De Beers Technologies UK has supported research in collaboration with SuperSTEM for more than 10 years. Historically, the focus of the research work at the facility has been the analysis of brown colouration in natural diamonds. However, more recently this has been extended to investigate the origin of other colourations in synthetic gem-quality diamonds. In particular these studies have concentrated on establishing links between vacancy defects observed on an atomic scale and the occurrence of brown colour. While theoretical predictions and indirect experimental techniques have played an important part in establishing these links, they have been unable to provide a method of observing the defects directly. By comparison, scanning transmission electron microscopy (STEM) and electron energy loss spectroscopy (EELS) are two complementary techniques that provide a means of imaging defects on an atomic scale and analysing their chemistry locally. These attributes ideally lend themselves to the investigation of nanometre sized crystallographic defects in diamond.

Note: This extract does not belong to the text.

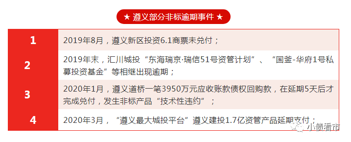 《小債看市》統計,近年來遵義共有9家發債城投平臺涉及22起非標風險事件,以下為幾例典型的“技術性違約”和非標逾期事件。

The advantages of the aberration corrected instruments at SuperSTEM over similar instruments are the high brightness electron source and unique aberration corrector optics. Together these characteristics provide a high current sub-nanometre size probe, which is a fundamental requirement for achieving high spatial resolution (< 0.1nm) and high energy resolution (0.3eV).

Commenting on the work, collaborators at De Beers who have supported the work of three students at SuperSTEM say that SuperSTEM "has improved our understanding of why some diamond is brown and what happens on an atomic scale when that brown colour is removed by heat treatment. This research has culminated in the imaging of facetted vacancy clusters with diameters of 3-4 nm in heat treated Chemical Vapour Deposition synthetic diamond. While theory and other techniques have suggested that small vacancy clusters play a role in causing brown colour in diamond, SuperSTEM research has provided the first direct evidence for the existence of vacancy clusters in diamond."